On 20 October 2025, a major outage across Amazon Web Services (AWS) disrupted operations for thousands of companies globally, including banks and consumer apps. The incident, caused by DNS resolution issues in AWS’s US-East-1 region, has impacted services such as Salesforce, Slack, Okta and major UK banks including Lloyds Bank and Halifax.
The outage highlights how deeply embedded cloud infrastructure is in our digital ecosystem and how quickly a single point of failure can affect multiple industries.
Digital Dependency: A Double-Edged Sword
Cloud-first strategies have revolutionised scalability and efficiency. But today’s outage reveals the risk of over-reliance on centralised infrastructure. When online services falter, so do the communications and customer experiences built on top of it.
For business leaders, this is a moment to pause and ask: ‘Are we resilient enough to operate when the cloud fails?’
NCSC’s Timely Warning
Just last week, the UK’s National Cyber Security Centre (NCSC) issued a stark reminder: ‘Maintain offline or printed copies of your BCP (Business Continuity Plan)’.
This advice, part of the Cyber Assessment Framework (CAF) under Principle D1: Response and Recovery Planning, highlights the importance of having offline access to business continuity plans. In a digital crisis, the ability to act without relying on compromised systems is critical.
Read the full NCSC Cyber Assessment Framework guidance here.
Resilience Requires More Than Technology
In today’s digital world, a single data breach or outage can be catastrophic. Don’t leave your operations to chance. Our Security Incident Management & Data Breach Response Readiness Assessments are designed to help organisations:
- Anticipate the unexpected with a clear understanding of potential risks.
- Empower teams to respond swiftly and confidently.
- Comply with GDPR mandates, safeguarding personal data and reputation.
- Strengthen your Information Security Management System (ISMS), ensuring your security posture is robust and adaptive.
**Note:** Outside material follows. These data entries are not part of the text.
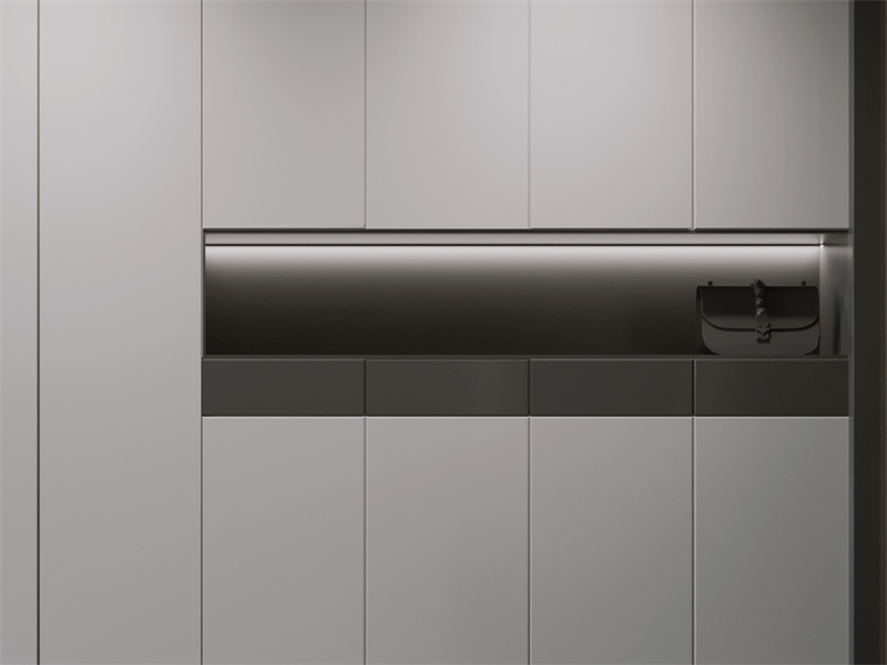 以浅灰+深灰,通过隐藏式逻辑强化整洁感整面柜采用同色无把手设计,弱化柜体存在感。中间嵌入深灰质感的置物区与功能区,兼顾实用与视觉层次。
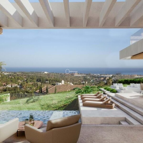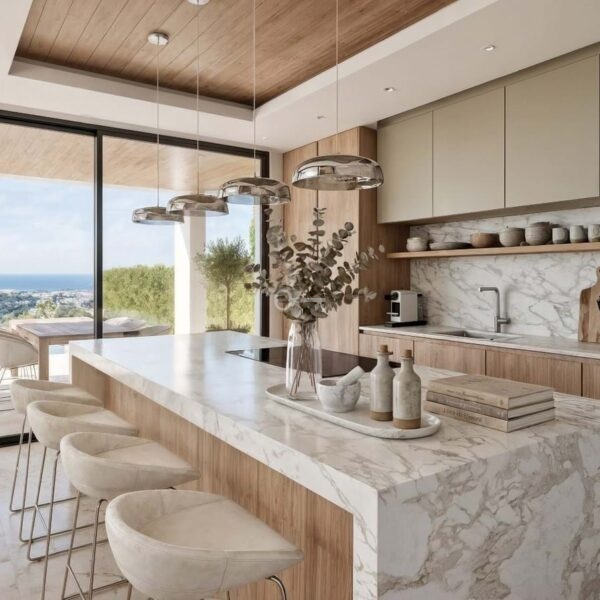 From its elevated position, the villa enjoys breathtaking panoramic views of the Mediterranean Sea, the golf course and the surrounding natural landscape. Its orientation and architectural design have been carefully conceived to maximise natural light and enhance the visual connection with the environment, creating spaces that convey calm, openness and exclusivity.
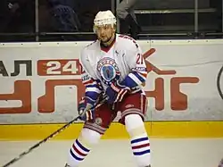 Konstantin Mikhailovich Zakharov (Russian: Константин Михайлович Захаров; born 2 May 1985 in Minsk, Byelorussian SSR, Soviet Union) is a Belarusian former ice hockey right winger. He played for HC Dinamo Minsk of the KHL. Internationally he played for the Belarusian national team at multiple tournaments

Through rigorous analysis and tailored strategies, we offer the peace of mind that comes from knowing your response plans are resilient, compliant, and aligned with your company culture and stakeholder expectations.
Our Guidance for IT Leaders
To build true resilience, organisations must go beyond cloud contracts and SLAs. Here’s what we recommend:
- Review and Test Your BCP Regularly: Include scenarios like cloud outages, ransomware, and supply chain disruptions.
- Maintain Offline Copies of Critical Plans: Store printed versions of your BCP, DR procedures, and key contact lists in secure, accessible locations.
- Diversify Cloud Dependencies: Consider multi-cloud or hybrid strategies to reduce single-provider risk.
- Train for Analog Operations: Equip teams to function without digital tools, whether that’s manual processes, paper forms, or alternative communication channels.
- Engage Leadership and the Board: Cyber resilience is a business imperative. Ensure executive buy-in and regular updates on preparedness.
- Audit Third-Party Dependencies: Understand which vendors and services rely on AWS or similar infrastructure and assess their contingency plans.
- Embed Cyber Resilience into Company Culture: Foster a culture where security and preparedness are part of everyday thinking, not just IT’s responsibility.
- Invest in Ongoing Employee Training: Regularly educate staff on incident response, phishing awareness, and data protection. Empower staff to act confidently and correctly during a crisis.
- Conduct Internal Audits of Security and Continuity Plans: Periodic internal reviews help identify gaps, validate readiness, and ensure alignment with evolving threats and compliance requirements.
Run realistic tabletop exercises and live simulations: Run tabletop exercises and live simulations to test your team’s response under pressure. Use findings to refine your plans and improve coordination.
Resilience Is a Culture, Not a Checklist
Today’s outage is a stark reminder that technology alone doesn’t guarantee continuity. Resilience is built through planning, practice, and culture. It’s about empowering teams to respond confidently when systems fail and ensuring leadership understands that downtime isn’t just an IT issue, it’s a business risk.
By investing in incident management assessments, data breach readiness, and tailored continuity strategies, organisations can move from reactive firefighting to proactive resilience.